The GOVERNMENT of Robert Fico is looking for money to fulfill the promises it made regarding social programs and is thus considering taking away a part of future pensions for this purpose. According to the Pravda daily, the cabinet is expected to deal with the issue of whether the payroll taxes currently paid to social insurer Sociálna Posiťovňa (SP) and to private pension management companies are correct.
People who joined the so-called second pension pillar currently pay 9 percent of their wages to SP and another 9 percent to their private accounts in pension management companies DSS. However, the money paid to DSS is lacking in the state budget and Fico refuses to cover the shortage through privatization.
According to Fico the proportion of the payments to SP and DSS is the worst thing that could have happened. “We see no other way but to decrease payments to pension management companies,” said the PM at yesterday’s conference of the Klub 500 employers association.
“Until 2010, when the money for pension reform is available from the privatization of the Slovak gas utility SPP, other ways [of financing the deficit] should be sought,” said Peter Goliaš, analyst with the INEKO think tank.
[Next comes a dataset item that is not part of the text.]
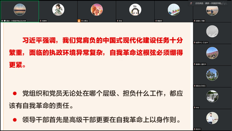在集中学习中,支部书记龚波同志围绕习近平总书记在中共中央政治局第二十一次集体学习的讲话和相关精神讲授廉政微党课,强调我们要悟透“中央八项规定是党中央徙木立信之举”精神本质,绷紧自我革命这根弦,廉洁自律,树立正的党风政风。随后,毕光辉、余松林、石相玉3位同志依次领学了王忠林主持召开省委党的建设工作领导小组会议暨深入贯彻中央八项规定精神学习教育推进会、在全省集中整治违规吃喝动员部署会上的讲话精神以及为全省领导干部讲授学习教育专题党课主要内容。在纪法宣传环节,杨杏本同志领学了《党组讨论和决定党员处分事项工作程序规定》的主要条款,李欣同志带领大家一起学习了党纪专题党课。最后,夏炜同志结合本次学习进行了交流发言,表示将学习精神内化于心、外化于行,提升自我廉洁意识、严守底线、抵制违规吃喝,营造纯净健康的校园氛围。

He considers savings in public finance expenditures to be an ideal place to find such funding. Another possibility is that the state could start borrowing money to cover the pension reform by issuing bonds.
According to Jozef Paška, head of the Allianz - Slovenská dôchodková spoločnosť DSS, this topic should be de-politicized.
“We will support solutions in which the current value of payments remains unchanged because the people who joined the reform agreed with it,” he said.